Before progressing to multi-GPU and multi-node training, we will also explore ways to improve training efficiency on a single GPU with techniques such as mixed-precision training.

Choosing a Fine-Tuning Task#

We will fine-tune GPT2 on the tinystories dataset. TinyStories is:

a synthetic dataset of short stories that only contain words that a typical 3 to 4-year-olds usually understand, generated by GPT-3.5 and GPT-4.

and can be used to train small models (actually quite a bit smaller than GPT-2) that

still produce fluent and consistent stories with several paragraphs that are diverse and have almost perfect grammar, and demonstrate reasoning capabilities.

(Source)

We can evaluate the model by passing prompts such as this example from the TinyStories paper:

Once upon a time there was a pumpkin. It was a very special pumpkin, it could speak. It was sad because it couldn’t move. Every day, it would say

and evaluating the grammar, consistency, and creativity of the output. We hope to see improvements in these areas after training.

1. Load the model and try some examples#

We’ll begin by loading the model and trying out some examples.

%pip install --upgrade -r ./gpt2_requirements.txt
# Some Environment Setup
OUTPUT_DIR = # the path to the output directory; where model checkpoints will be saved
LOG_DIR = # the path to the log directory; where logs will be saved
CACHE_DIR = # the path to the cache directory; where cache files will be saved
from pathlib import Path

# Load model directly
from transformers import AutoTokenizer, AutoModelForCausalLM

tokenizer = AutoTokenizer.from_pretrained("gpt2")
tokenizer.pad_token = tokenizer.eos_token
tokenizer.padding_side = "left"
model = AutoModelForCausalLM.from_pretrained(
    "gpt2",
    device_map="auto",
    cache_dir=Path(CACHE_DIR) / "model",
)
examples = [
    "There was a cat with magic powers.
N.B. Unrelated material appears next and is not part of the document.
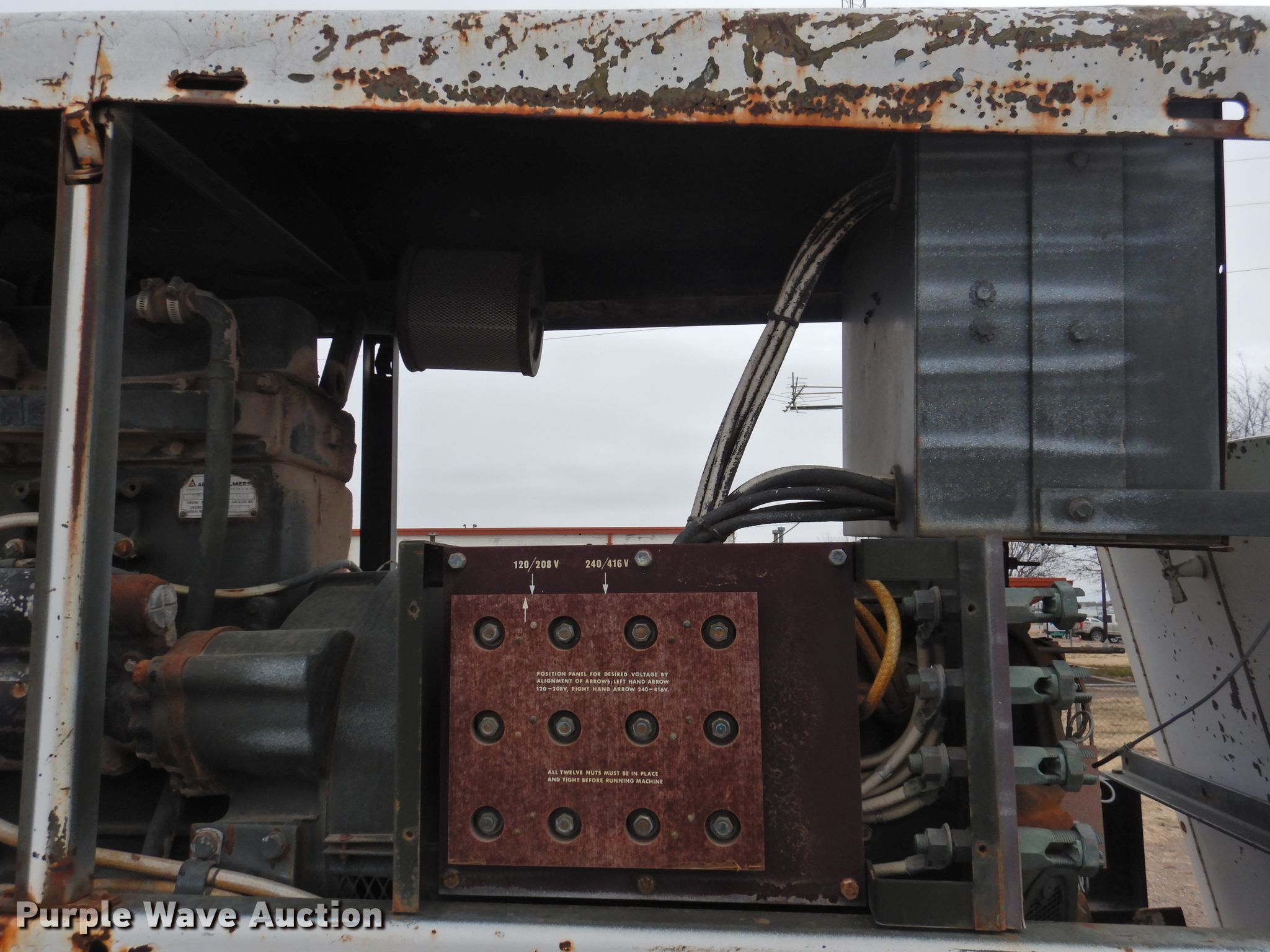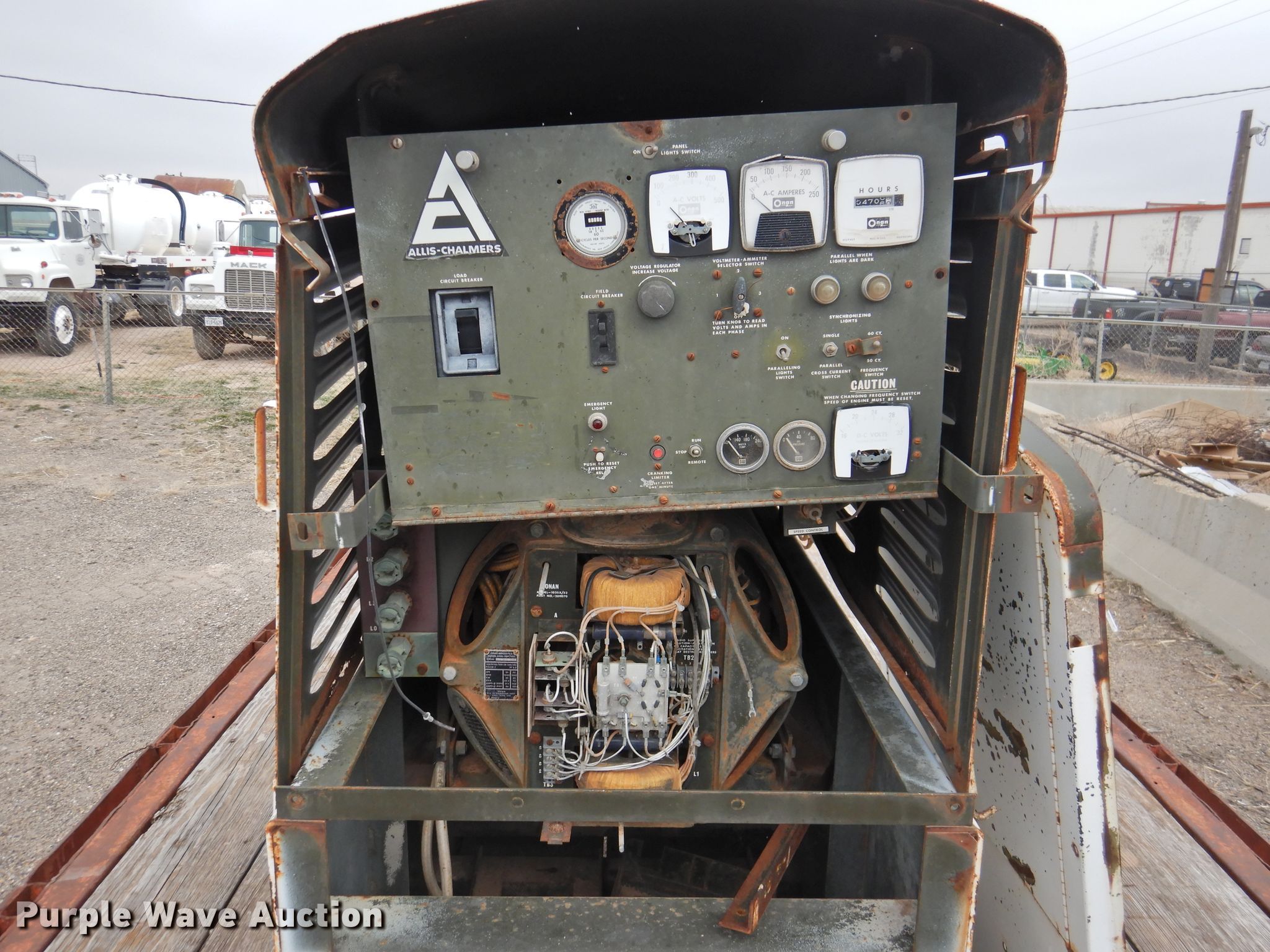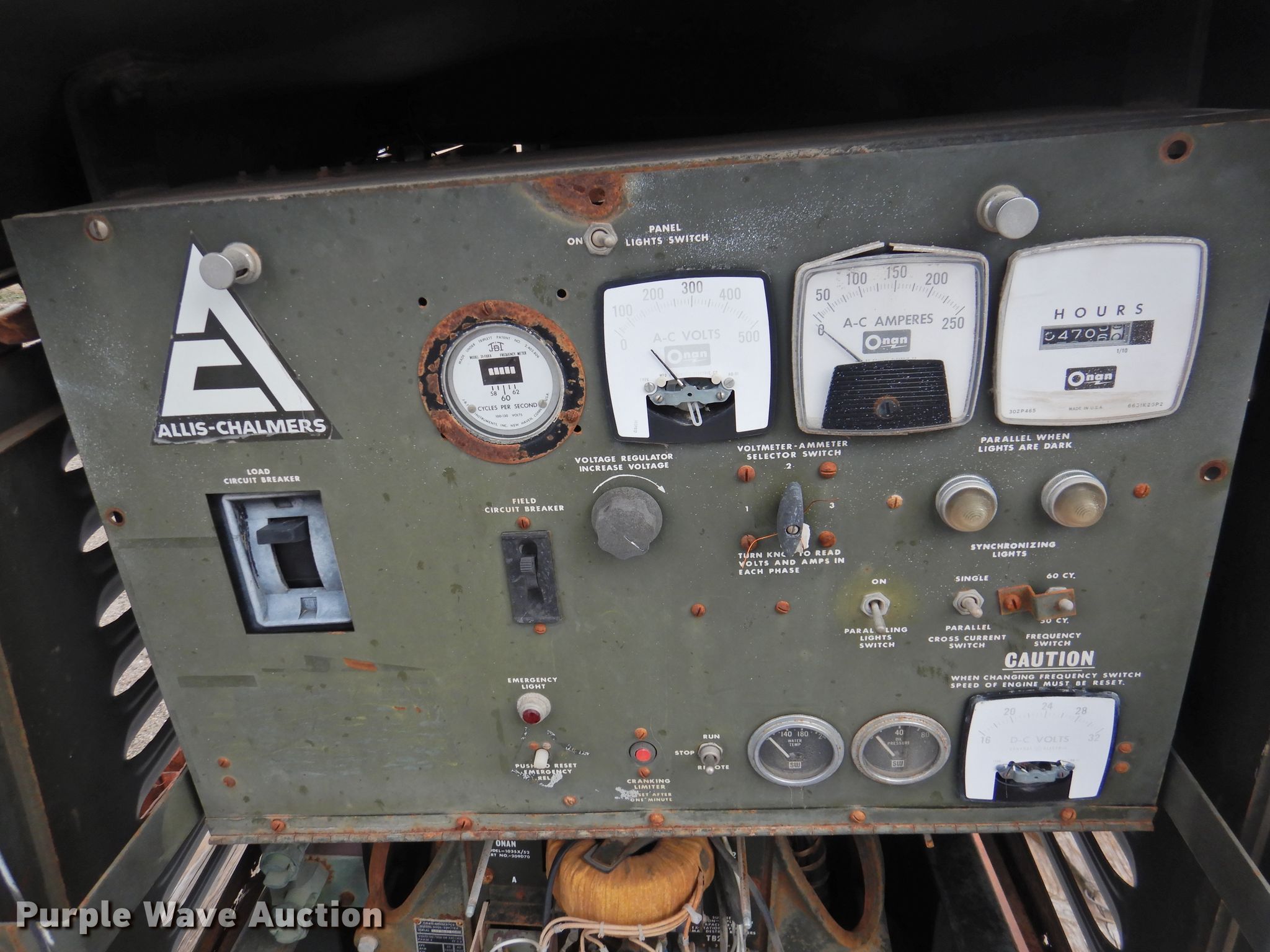 Purple Wave is selling a used Generator Set in Texas. This item is a Onan 103SX/52 generator with the following: 4,706 hours on meter, Allis Chalmers 3500 six cylinder diesel engine, Serial 3D-07997, 62.5/75 kVA, 60 kW, Three phase, Electric start, Fuel tank, Skid mounted, Serial 0768038201

It could turn invisible. But one day, the cat lost its magic and",
    "There was a cloud that could laugh. It laughed every day. But one day, the cloud didn't laugh. The animals in the forest decided to",
    "Every night, Mia looked at the stars. But one night, one star twinkled differently. It seemed to be sending a message. Mia thought hard about what it could mean and",
]

# Tokenize the examples
inputs = tokenizer(examples, return_tensors="pt", padding=True, add_special_tokens=True, truncation=True)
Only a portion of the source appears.